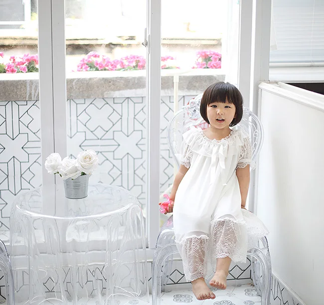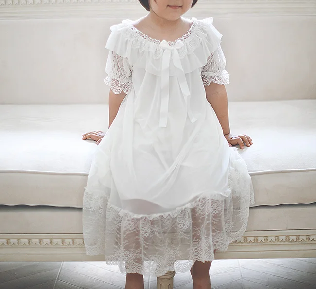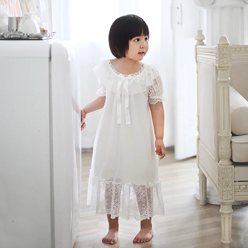 Детские стильные винтажные кружевные ночные рубашки в стиле принцессы
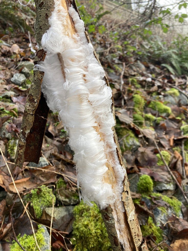 So, what is it? This strange phenomenon, this Hair Ice, sometimes called Frost Beard or Ice Wool only occurs under certain conditions. So it’s kind of rare! In order for ice to form on the bark of apparently rotting or dead trees there has to be a fungus present within the wood called Exidiopsis Effusa. With the right humidity, and this particular fungus that prevents water from forming large ice crystals, silky looking hair-like stands emerge causing branches to grow a coat of fur. 😊 Amazing!
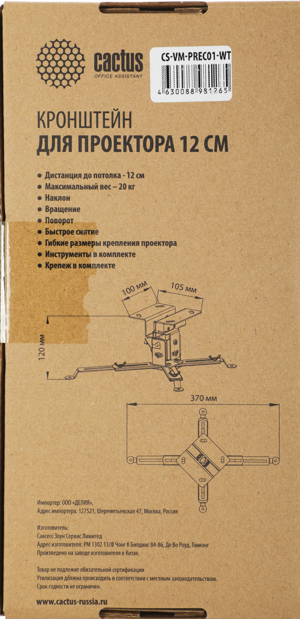 Кронштейн для проектора CACTUS VM-PREC01 потолочный, макс.23кг, CS-VM-PREC01-WT
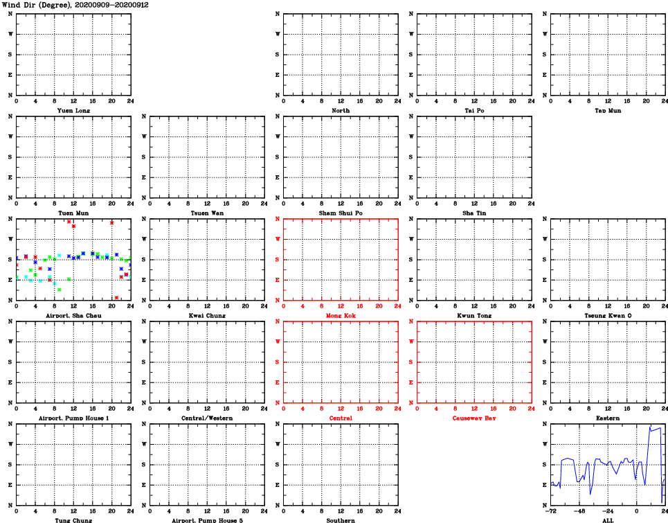 | Air Quality Data Time Series for WD (2020/09/12) | ( Line colors: Day -3 Day -2 Day -1 Current day ) | 2D Map Current AQHI |
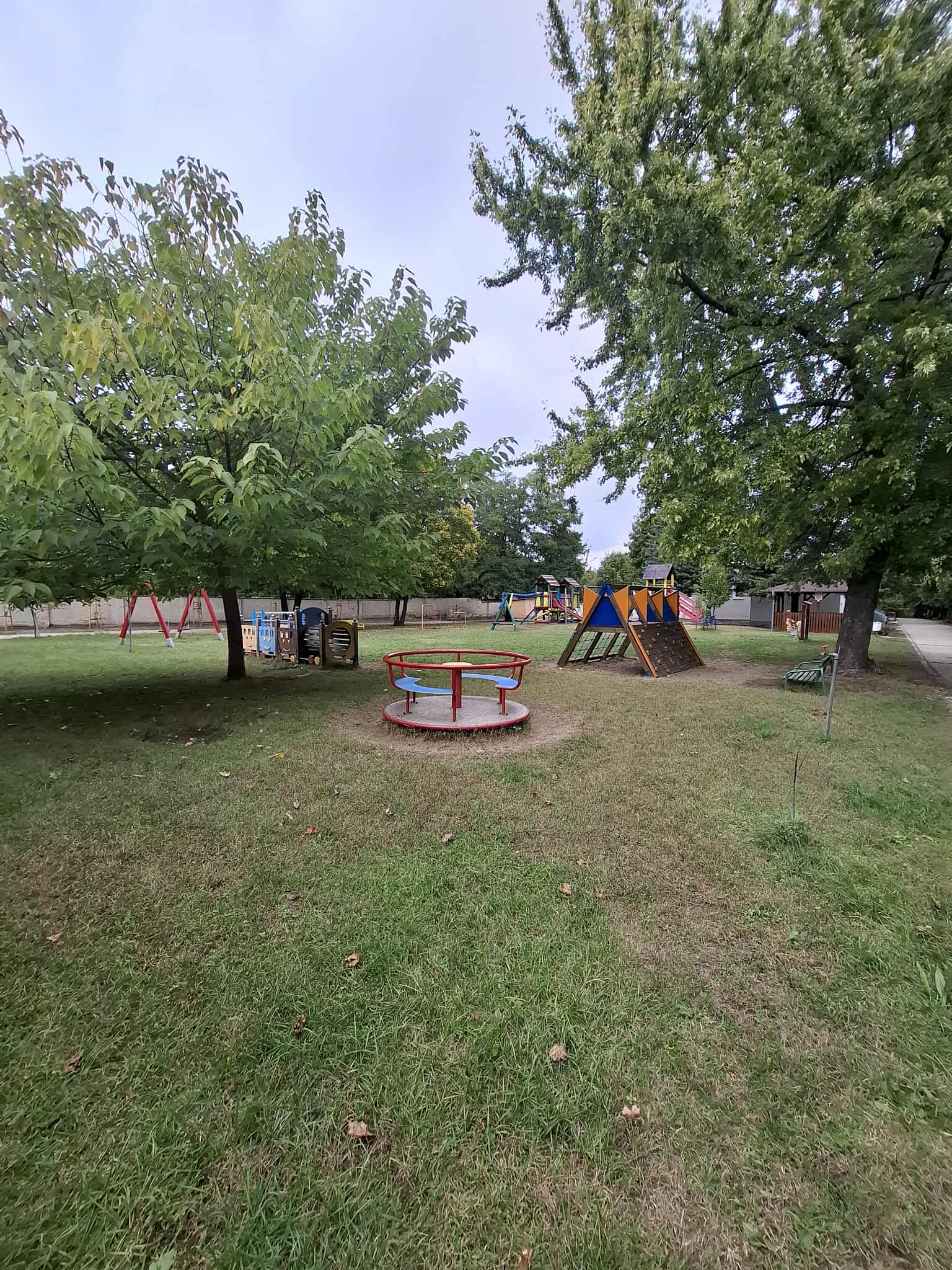 Az udvar tágas, mászókákkal, csúszdákkal, homokozóval és szabad füves területtel ellátott, biztosítva a gyermekek zavartalan mozgását. A sok fenyő- és hársfa kellemes mikroklímát teremt, különösen a nyári időszakban, amikor fontos a közvetlen napfény elleni védelem.
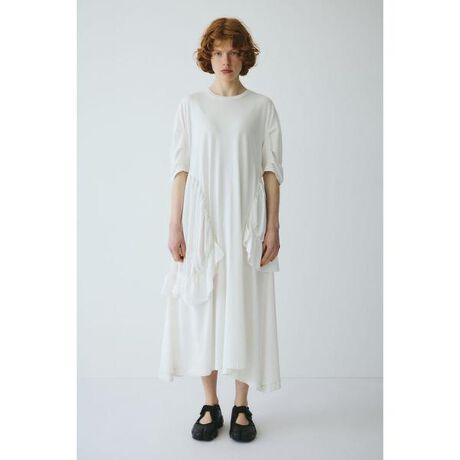 ポンチと布帛のドッキングワンピース台形のように広がったシルエットが特徴的で表面変化も楽しめる1枚。女性らしいA ラインのシルエットでサイドの布帛切り替えのデザインがポイント!一枚でスタイリングが決まります。BLACKはドレスとしても!ラウンドギャザードレス[注意事項] ※画像の商品はサンプルです。実際の商品と仕様、加工が若干異なる場合があります。 ※画像の商品は光の照射や角度、お使いのモニター環境により、実物と色味が異なる場合がございます。 ※着用、お取り扱いの際は、アテンションタグをご確認ください。
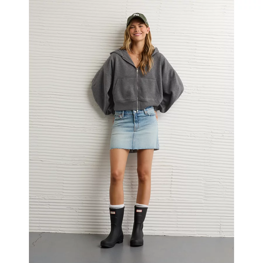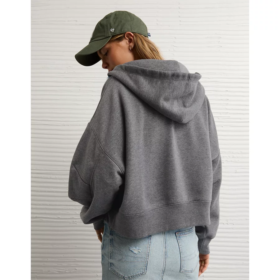 AE Everyday Luxe Barrel Sleeve Full Zip Hoodie – Charcoal Heather Gray
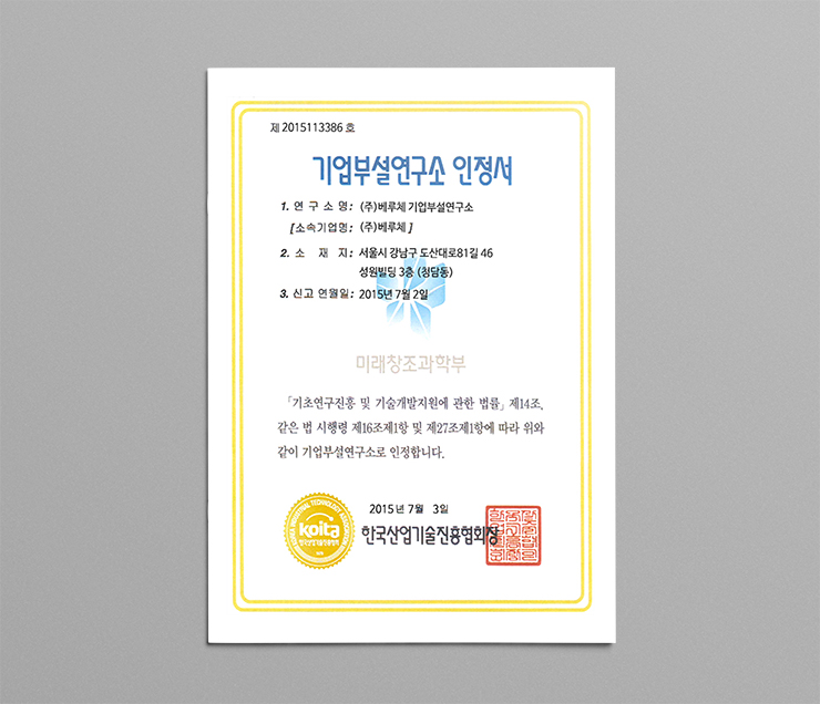 베루체는 자체 제작 공방외에 주얼리 제작 기법과 디자인을 연구하는 연구소를 별도 운영하고 있었는데 7월 3일 (사)한국산업기술진흥협회에서 인정하는 기업 부설 디자인 연구소에 인증을 받았습니다.
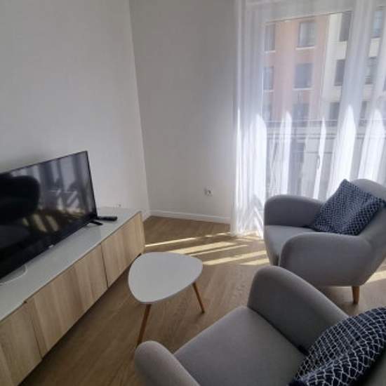 Au sein du nouvel écoquartier 'Grand Canal', dans un immeuble récent (2020), appartement lumineux de 2 pièces de 42 m2 meublé avec place de parking en s/sol : Entrée avec placard aménagé, meuble à chaussure (3 tiroirs) et meuble rangement. Cuisine américaine équipée avec électroménager : Frigo / congélateur, plaques à induction, hotte, four à chaleur tournante & pyrolyse, micro-onde et lave-vaisselle. Séjour avec salon équipé de 2 fauteuils, table basse, TV écran plat, meuble TV et salle à manger avec table pour 6 personnes. Chambre avec gra...
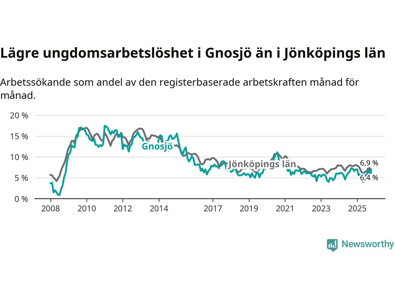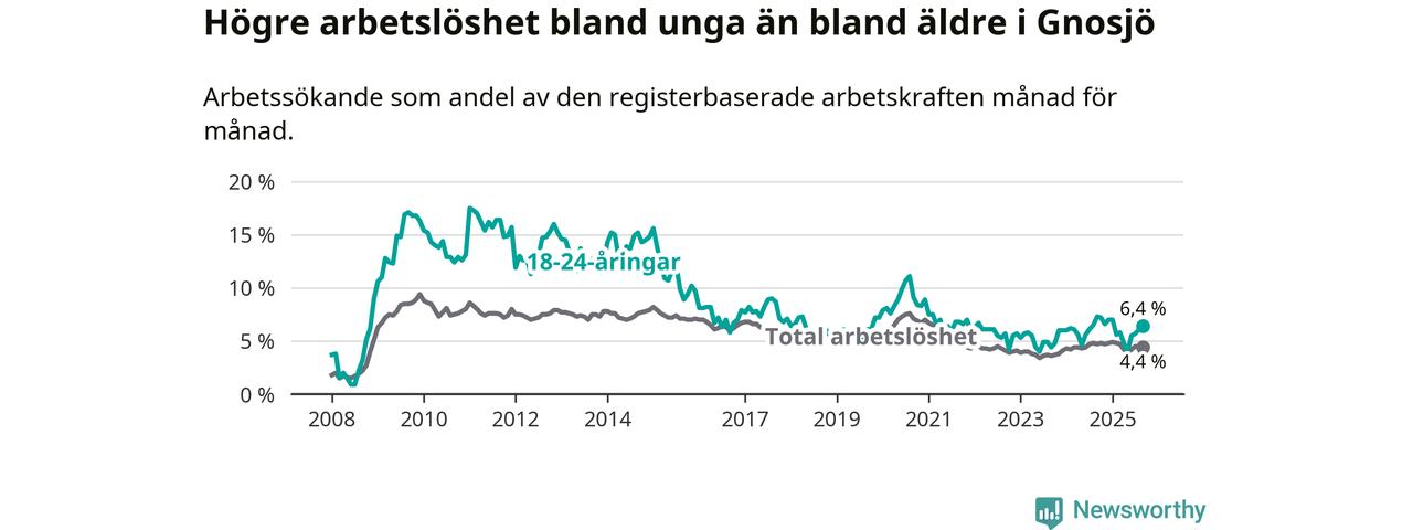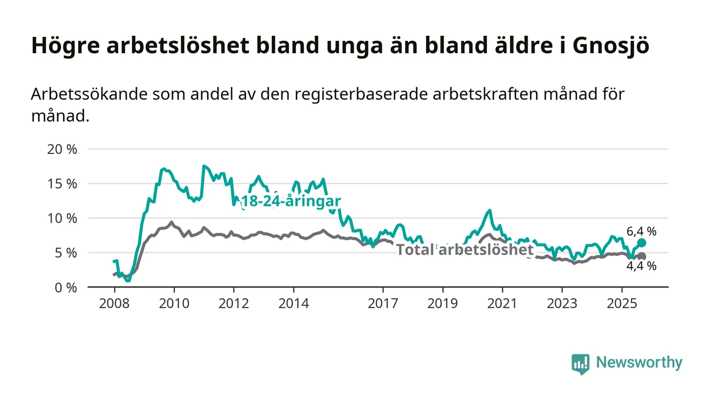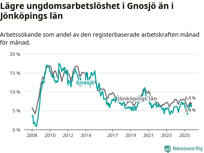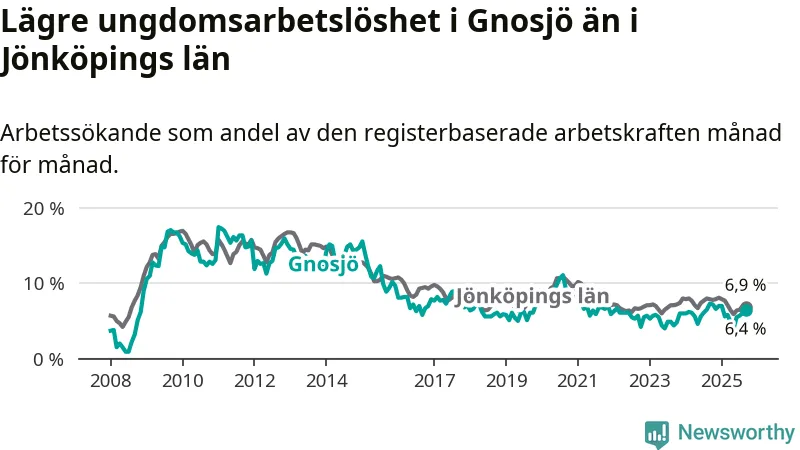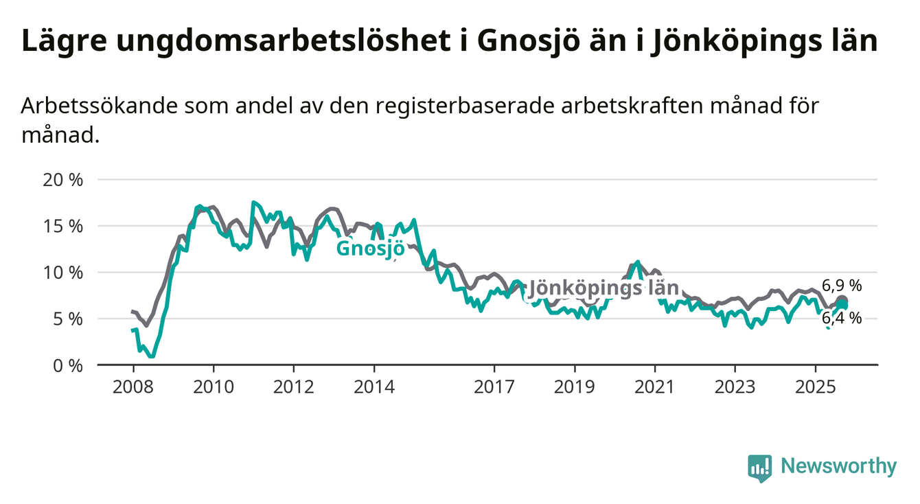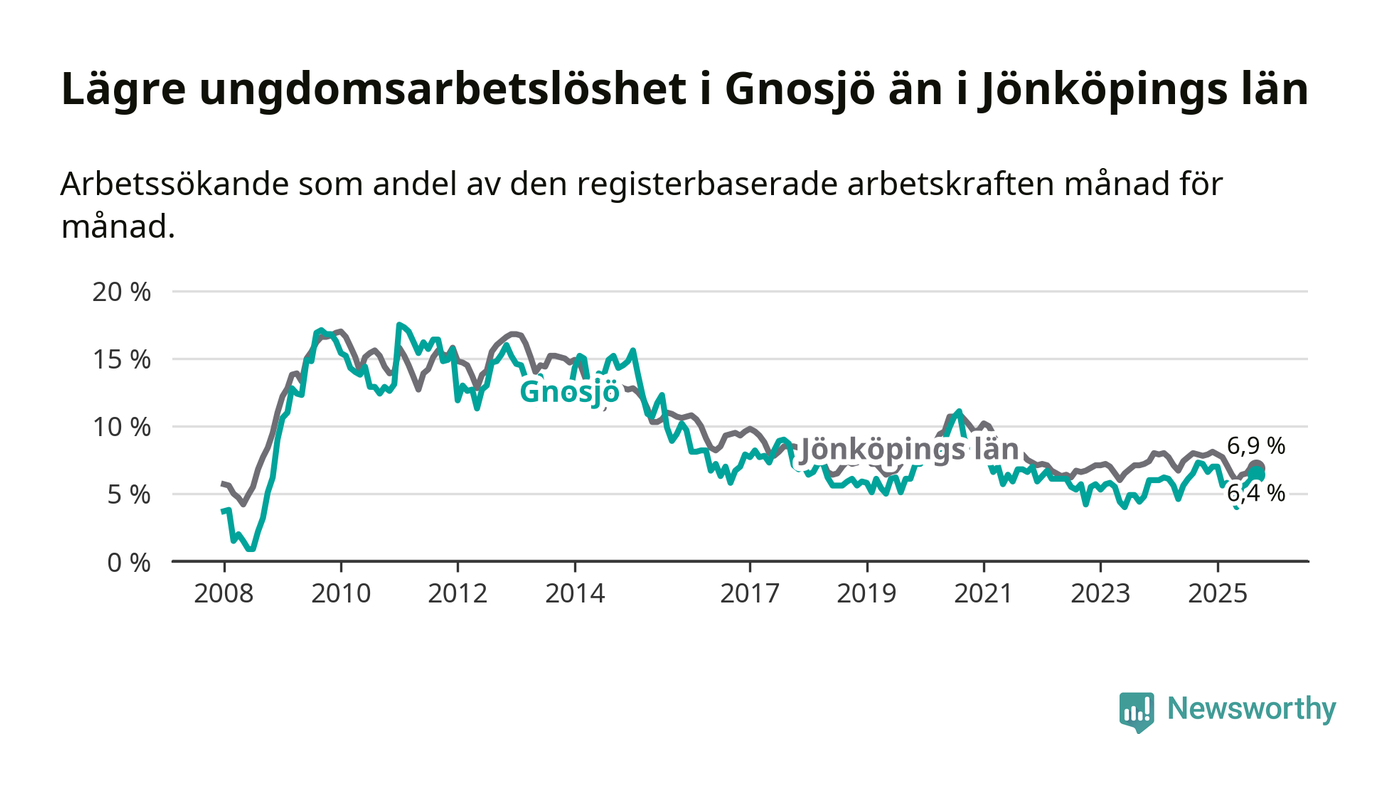 Precis som den totala arbetslösheten ligger ungdomsarbetslösheten i Gnosjö lägre än i Jönköpings län som helhet. Skillnaden mellan kommunen och länet är 0,5 procentenheter.

-*-

#### Exercise
An exact printout of the listing is needed, minus any pictures it contains.

#### Solution for this task
 Детские стильные винтажные кружевные ночные рубашки в стиле принцессы
 So, what is it? This strange phenomenon, this Hair Ice, sometimes called Frost Beard or Ice Wool only occurs under certain conditions. So it’s kind of rare! In order for ice to form on the bark of apparently rotting or dead trees there has to be a fungus present within the wood called Exidiopsis Effusa. With the right humidity, and this particular fungus that prevents water from forming large ice crystals, silky looking hair-like stands emerge causing branches to grow a coat of fur. 😊 Amazing!
 Кронштейн для проектора CACTUS VM-PREC01 потолочный, макс.23кг, CS-VM-PREC01-WT
 | Air Quality Data Time Series for WD (2020/09/12) | ( Line colors: Day -3 Day -2 Day -1 Current day ) | 2D Map Current AQHI |
 Az udvar tágas, mászókákkal, csúszdákkal, homokozóval és szabad füves területtel ellátott, biztosítva a gyermekek zavartalan mozgását. A sok fenyő- és hársfa kellemes mikroklímát teremt, különösen a nyári időszakban, amikor fontos a közvetlen napfény elleni védelem.
 ポンチと布帛のドッキングワンピース台形のように広がったシルエットが特徴的で表面変化も楽しめる1枚。女性らしいA ラインのシルエットでサイドの布帛切り替えのデザインがポイント!一枚でスタイリングが決まります。BLACKはドレスとしても!ラウンドギャザードレス[注意事項] ※画像の商品はサンプルです。実際の商品と仕様、加工が若干異なる場合があります。 ※画像の商品は光の照射や角度、お使いのモニター環境により、実物と色味が異なる場合がございます。 ※着用、お取り扱いの際は、アテンションタグをご確認ください。
 AE Everyday Luxe Barrel Sleeve Full Zip Hoodie – Charcoal Heather Gray
 베루체는 자체 제작 공방외에 주얼리 제작 기법과 디자인을 연구하는 연구소를 별도 운영하고 있었는데 7월 3일 (사)한국산업기술진흥협회에서 인정하는 기업 부설 디자인 연구소에 인증을 받았습니다.
 Au sein du nouvel écoquartier 'Grand Canal', dans un immeuble récent (2020), appartement lumineux de 2 pièces de 42 m2 meublé avec place de parking en s/sol : Entrée avec placard aménagé, meuble à chaussure (3 tiroirs) et meuble rangement. Cuisine américaine équipée avec électroménager : Frigo / congélateur, plaques à induction, hotte, four à chaleur tournante & pyrolyse, micro-onde et lave-vaisselle. Séjour avec salon équipé de 2 fauteuils, table basse, TV écran plat, meuble TV et salle à manger avec table pour 6 personnes. Chambre avec gra...
 Precis som den totala arbetslösheten ligger ungdomsarbetslösheten i Gnosjö lägre än i Jönköpings län som helhet. Skillnaden mellan kommunen och länet är 0,5 procentenheter.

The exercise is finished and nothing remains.